Inferring Common Origins from mtDNA
The history of human migratory events can be inferred from observed variations in DNA sequences. Such studies on non-recombinant mtDNA and Y-chromosome show that present day humans outside Africa originated from one or more migrations of small groups of individuals between 30K-70K YBP. Coalescence theory reveals that, any collection of non-recombinant DNA sequences can be traced back to a common ancestor. Mutations fixed by genetic drift act as markers on the timeline from the common ancestor to the present and can be used to infer migration and founder events that occurred in ancestral populations. However, most mutations seen in the data today are relatively recent and do not carry useful information about deep ancestry. The only ones that can be used reliably are those that can be shown to robustly distinguish large clusters of individuals and thus qualify as true representatives of population events in the past.
In this talk, we present results from the analysis of 1737 complete mtDNA sequences from public databases to infer such a robust set of mutations that reveal the haplogroup phylogeny. Using principal component analysis we identify the samples in L, M and N clades and with unsupervised consensus ensemble clustering we infer the substructure in these clades. Traditional methods are inadequate to handle data of this size and complexity.
The substructure is inferred using a new algorithm that mitigates the usual problems of sample size bias within haplogroups as well as the sampling bias across haplogroups. First, we cluster the data in each of the M, N, L clades separately into k=2,3,4,... k max groups using an agreement matrix derived from multiple clustering techniques and bootstrap sampling. Repeated training/test splits of the samples identify robust clusters and patterns of SNPs which can assign haplogroup labels with a reliability greater than 90%. Even though the clustering at each k is done independently, the clusters split in a way that suggests that the data is revealing population events; a cluster at level k has k–2 clusters which are identical with those at level k–1 plus two more that obtain from a split of one of the clusters at level k–1. The clustering is repeated with equal number of samples from the first level clusters. The sequence in which the clusters now split defines a binary network which reveals population events unbiased by sample size. We root the network using an out-group and, assuming a molecular clock, identify an internal node in the bifurcation process which is equidistant from the leaves. This rooting removes the bias across haplogroups which would otherwise influence the order in which the clusters emerge.

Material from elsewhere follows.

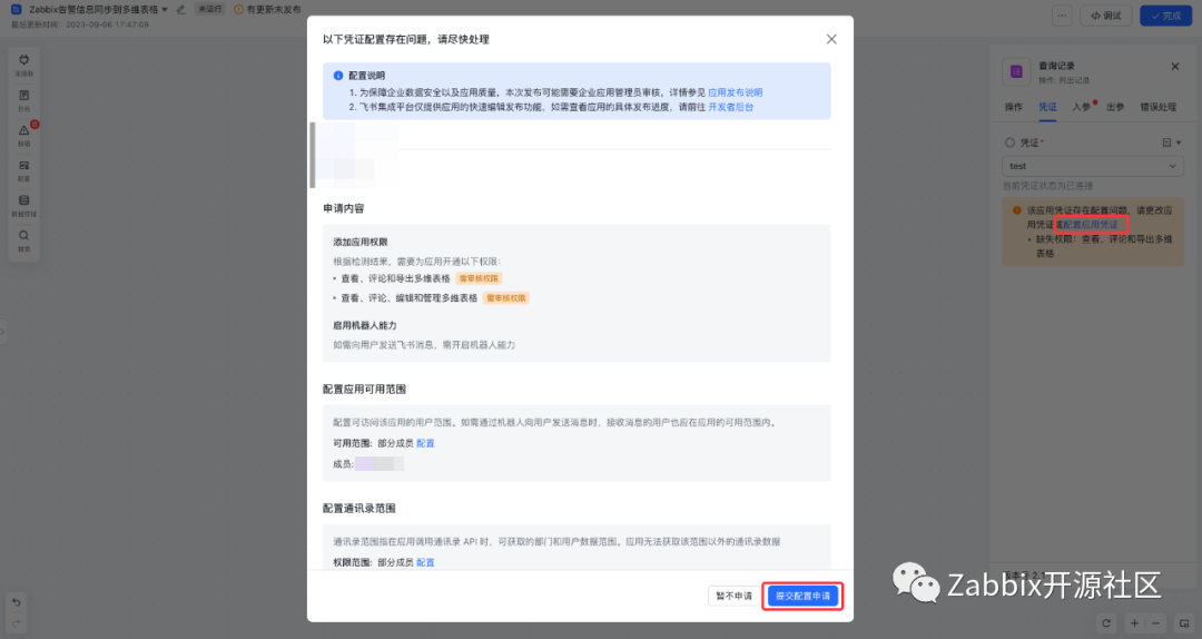 c. 选择好凭证后,如果该凭证需要额外申请权限,可在下提示信息中点击 配置应用凭证 ,一键提交配置申请。

Our analysis shows that the African clades L0/L1, L2 and L3 have the greatest heterogeneity of SNPs, in agreement with their ancient ancestry. It also suggests that the M, N clades originated from a common ancestor of L3 in two separate migrations. The first migration gave rise to the M haplogroup, whose descendents currently populate South-East Asia and Australia. The second migration resulted in the N haplogroup, accounting for the current populations in China, Japan, Europe, Central Asia and North and South America. We reveal and robustly label many branches of the mtDNA tree, improving current results significantly. We find that for our choice of robust SNPs, the genetic distances between the NA and NRB haplogroups is smaller compared to that between B and J/T/H/V/U. The detailed N migratory sub-tree is rooted so that the T, J and U haplogroups are on one side of the root and the F, V/H, I, X, R5, B, N9, A and W are on the other. We also find a detailed structure for the M tree consistent with prior literature and we infer additional branches for the MD haplogroup. Finally we provide detailed SNP patterns for each haplogroup identified by our clustering. Our patterns can be used to infer a haplogroup assignment with reliability greater than 90%.